We are never told what George did with all of his salary but the implication of the movie is that he is a kind soul who could not say no to a friend in need. Admirable, at first but in reality George puts the needs of strangers and friends ahead of his family.
Potter is probably correct in his view that George is managing the building and loan improperly by lending to several people whose credit worthiness is questionable. The Bailey building and loan specialized in subprime loans, with a key difference from firms of the real estate boom was that this lender knew the customers quite well, such as the Martini family. George's main criteria for lending is that his customer be a friend and have a job, any job will do.
One thing Potter misses about Bailey is that George's effort are providing a meager stimulus to the Bedford Falls economy and strengthening the working class. By doing so George is making the town more attractive to industrialists such as Sam Wainright who moves a plant to the town at his urging.
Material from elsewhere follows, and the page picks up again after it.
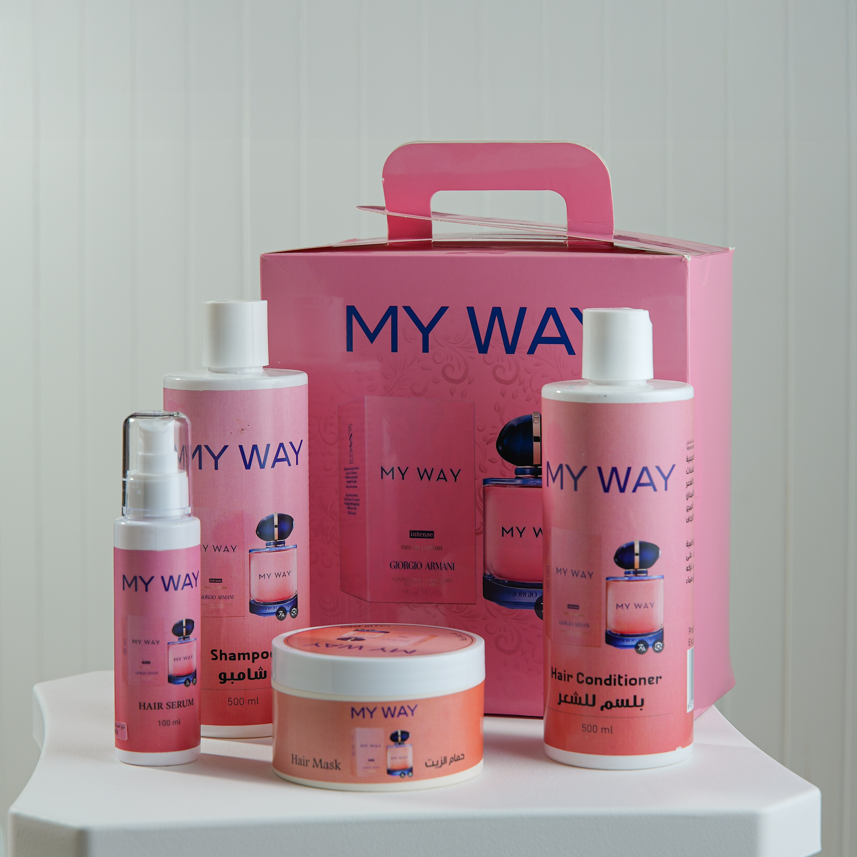 مجموعة منتجات العناية بالشعر من "جورجيو أرماني ماي واي" (Giorgio Armani My Way)، والتي تشمل:

Potter provides an overlooked benefit to the community via a means of escape for those caught in a run on the bank. Yes, and by agreeing to buy shares in the bank at half the previous market price. As the buyer in a panicked market, he is speculating that the mass is wrong and providing liquidity for their shares. The masses on the other hand are speculating that Potter is wrong and they will take advantage of his greed by dumping what they think is soon to be worthless stock in his lap. "Better half than nothing" one character says.
Absent Potter, there likely would have been no market for the shares at all. Once he established this floor price, George Bailey was able to convince others that there was value in the institution based on the actions of Potter. Even though acting on his own greed, Potter's offer combined with Bailey's appeal restored a modest level of confidence in the Building and Loan. In shattered markets it is often the speculator who steps in and begins to restore confidence by causing those panicking to slow down just a bit and rethink a rash exit from the market.
Note: it is possible Potter actually started the run on the bank. This would change him from a market speculator, a good guy, to a market manipulator, or bad guy.
Like the story "Wicked", a good tale could be told re-examining these characters, their history, and impact on Bedford Falls.

19 November 2008

7997

I did not expect a close this low. I should have.